US Traders Seek Oil Product Cargoes from N.Asia After Harvey -Sources
SINGAPORE, Aug 28 (Reuters) - U.S. traders are looking to import oil product cargoes from North Asia to the United States after Hurricane Harvey forced refineries across the U.S. Gulf Coast to shut down, refining and shipping industry sources told Reuters on Monday.
At least two North Asian refineries have been approached by refineries and traders in the United States seeking prompt jet fuel and diesel cargoes, two sources close to the matter said, declining to be named because they are not authorised to speak to media.
Singapore complex refining margins are already at their highest August level in five years as peak summer demand and refinery outages lift prices.

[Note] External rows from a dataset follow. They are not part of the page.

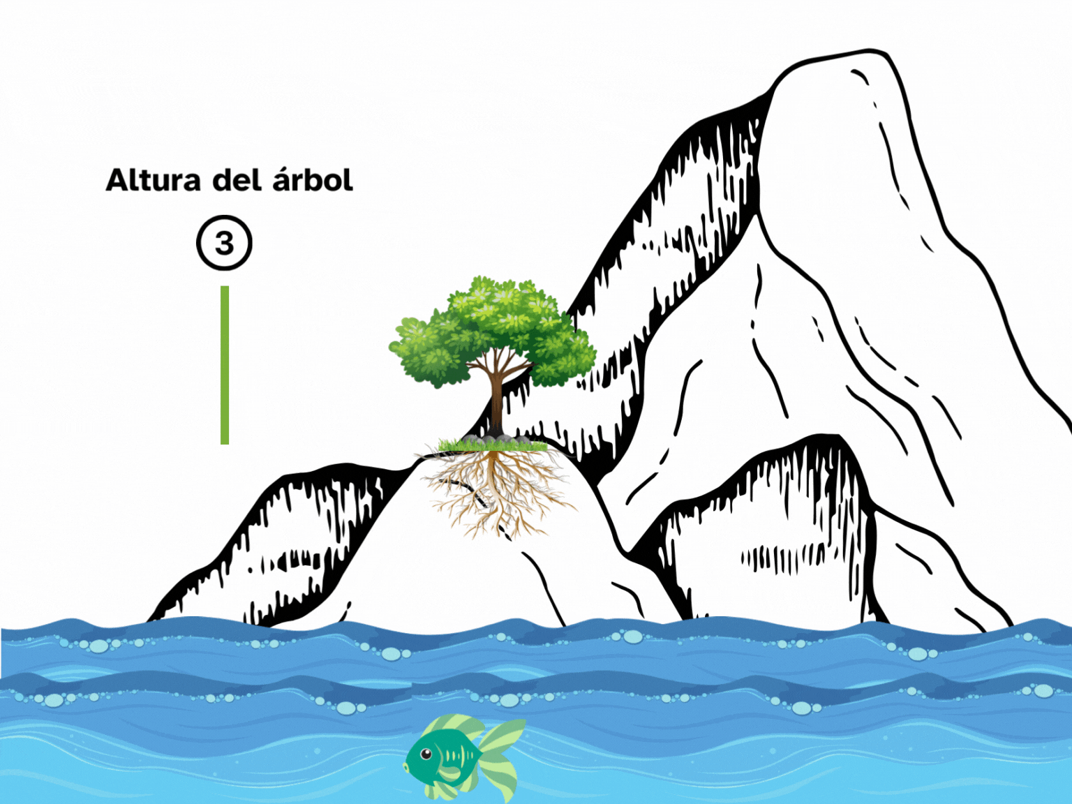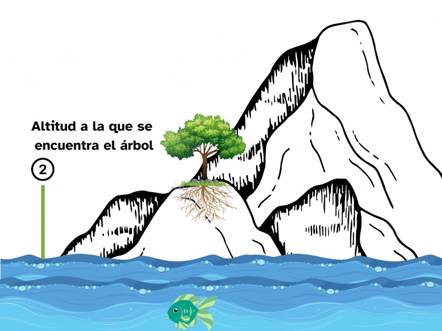 La altitud de un árbol (en este caso no coincide con la altura) se mide desde el mar hasta la base del árbol. Esta medida se indica usando valores positivos.
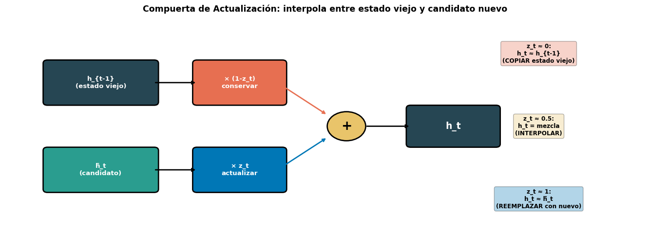 Actualización por interpolación: \(h_t = (1-z_t)h_{t-1} + z_t\tilde{h}_t\)
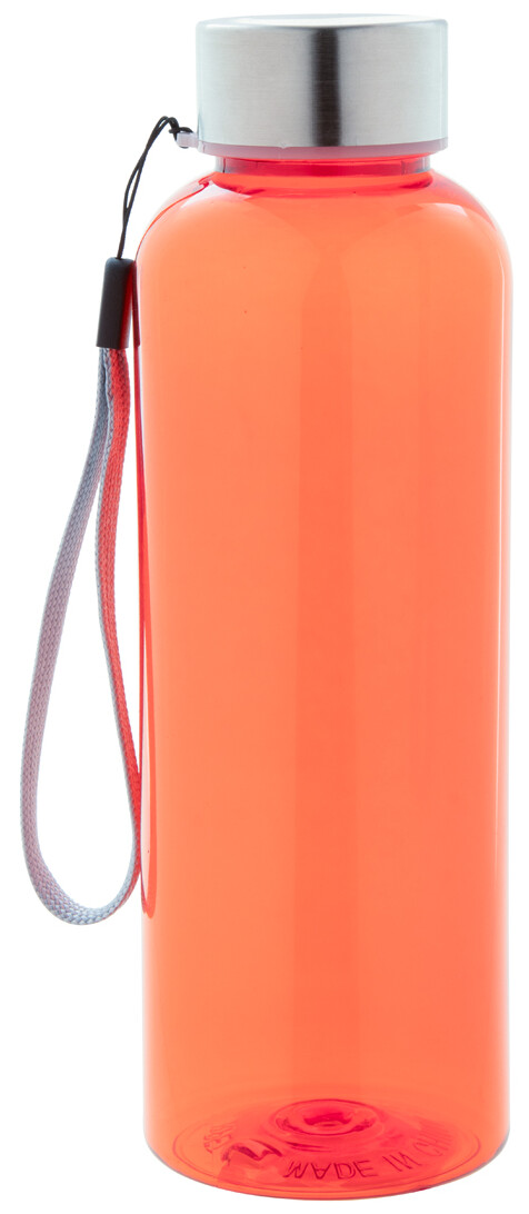 RPET láhev s nerezovým uzávěrem a popruhem, 500 ml. Bez BPA. Nevhodné pro sycené nápoje.

The Asian gasoline margin hit a more than one-year high on Monday while the naphtha margin registered a six-month high, Reuters data showed.
The most powerful hurricane to hit Texas in more than 50 years has resulted in the deaths of at least two people, caused severe flooding and forced the closure of Houston port and several refineries.
"Should these levels of outages remain in place, and using past hurricanes as proxies for the impact on oil demand, we roughly estimate that the impact of Harvey on the U.S. oil market would be to increase domestic crude availability by 1.4 million barrels per day (bpd) while removing 615,000-785,000 bpd of gasoline and 700,000 bpd of distillate supplies," Goldman Sachs analysts said in a note.
"Larger refinery outages would increase these long crude and short product impacts."
Refiners and United States-based traders are looking for prompt-loading diesel and jet fuel from North Asia, but there are limited cargoes available, the two refining sources said.
"The market in Asia is very tight, so we had to turn them away as our cargoes have been committed," one of the sources said.
This might mean that U.S. traders have to seek oil product cargoes from traders in Asia, likely paying higher prices, which could drive up spot prices in Asia, the second source said.
Asia is the most likely supplier of diesel and jet fuel cargoes to the United States because Europe is typically short of middle distillates. A recent spate of refinery incidents in Europe has also drawn down inventory of the fuels there.
Some 275,000 tonnes of oil products comprising mainly jet fuel had been provisionally fixed on vessels from Japan and South Korea to head mainly to the west coast of United States before to the storm, one Singapore-based shipbroker said, with more enquiries being made.
The arbitrage to ship diesel and jet fuel from Asia to the United States remains unprofitable as of Monday, but things could change, with prices in America expected to climb further, said one Singapore-based trading firm analyst who declined to be named because he is not authorised to speak to media.
For gasoline and naphtha, traders expect the United States and Latin America to draw on Europe's ample supplies instead of Asia. U.S. liquefied petroleum gas (LPG) shipments to Asia have been disrupted by the closure of the Houston shipping channel, an LPG trader said.